How can climate finance promote climate resilience?
As climate change impacts become more apparent, the need for systemic climate resilience becomes clearer. Focusing the climate resilience of specific assets or businesses alone is not sufficient. Entire systems of production and critical infrastructure networks need to be made climate resilient. How can the financing be provided that is necessary for this?
This panel, hosted by the European Bank for Reconstruction and Development (EBRD) during November 2021's COP26, explores views and needs from different key stakeholders across public and private industries, with particular emphasis on the role of Multilateral Development Banks and global initiatives to advance practical solutions.
About the EBRD
The EBRD is an international financial institution that supports projects from central Europe to central Asia, including the following EEA member and cooperating countries: Bosnia and Herzegovina, Bulgaria, Croatia, Cyprus Estonia, Greece, Hungary, Kosovo, Latvia, Lithuania, Montenegro, North Macedonia, Poland, Romania, Serbia, Slovakia, Slovenia and Turkey. The EBRD is owned by 63 countries, the EU and the European Investment Bank.
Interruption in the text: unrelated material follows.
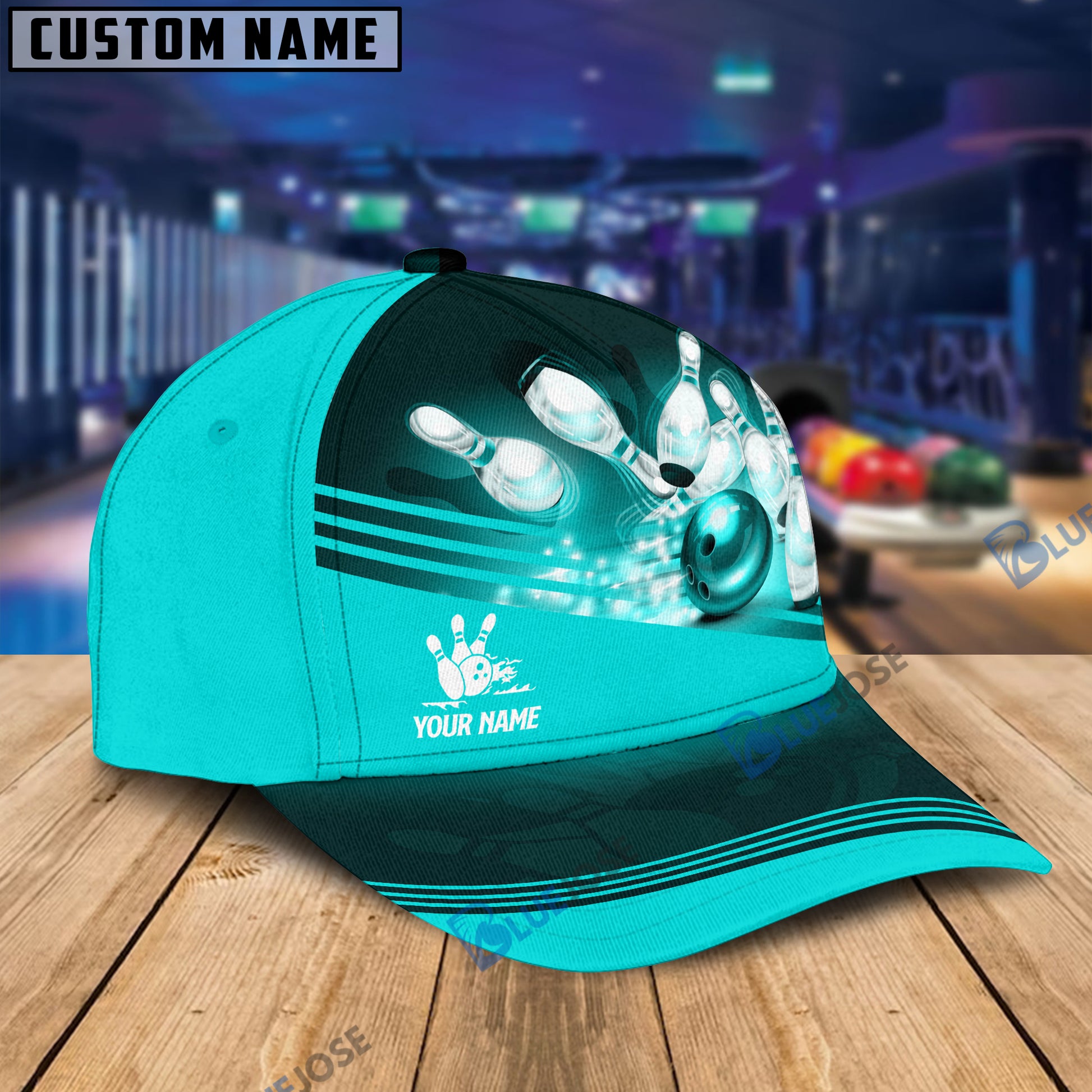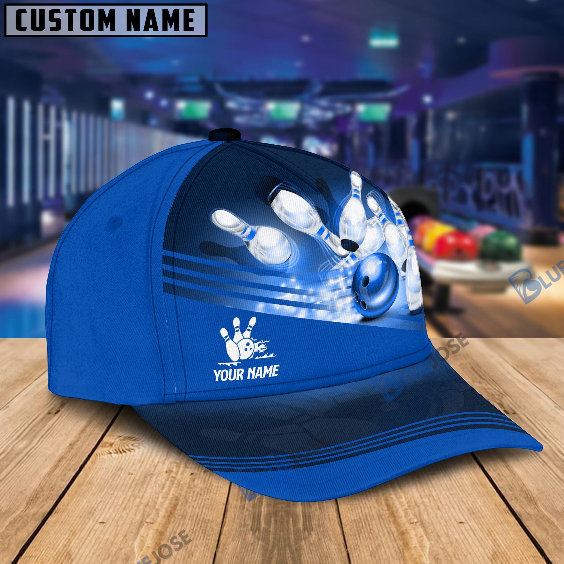 BlueJoses Red Bowling Ball Crashing into the Pins Personalized Name Cap

Many of the countries in which the EBRD operates are particularly vulnerable to climate change. This is in part because of their geographical location and characteristics, but also a consequence of historic under-investment, which has resulted in aging infrastructure and facilities that are less able to withstand changes in climatic conditions.
The bank fosters transition towards open and democratic market economies through investment and technical cooperation. The Bank invests primarily in private sector clients whose needs cannot be fully met by the market, by providing loans, equity participation and guarantees to companies of all sizes and in a wide range of sectors.
The EBRD supports its clients in identifying those climate change impacts that are likely to affect their operations. This is expected to lead to the formulation of adaptation strategies that increase resilience through improved practices, and investments in measures and technologies that are better suited to a changing and more variable climate, and which reduce long-term risk.
The EBRD’s work on climate change adaptation reaches many sectors of the economy, such as water supplies, hydropower generation, coastal infrastructure and water-intensive industries such as agribusiness and mining. Investments in making these sectors climate resilient can help businesses to reduce costs and increase competitiveness over the lifetime of the projects and avoid stranded assets.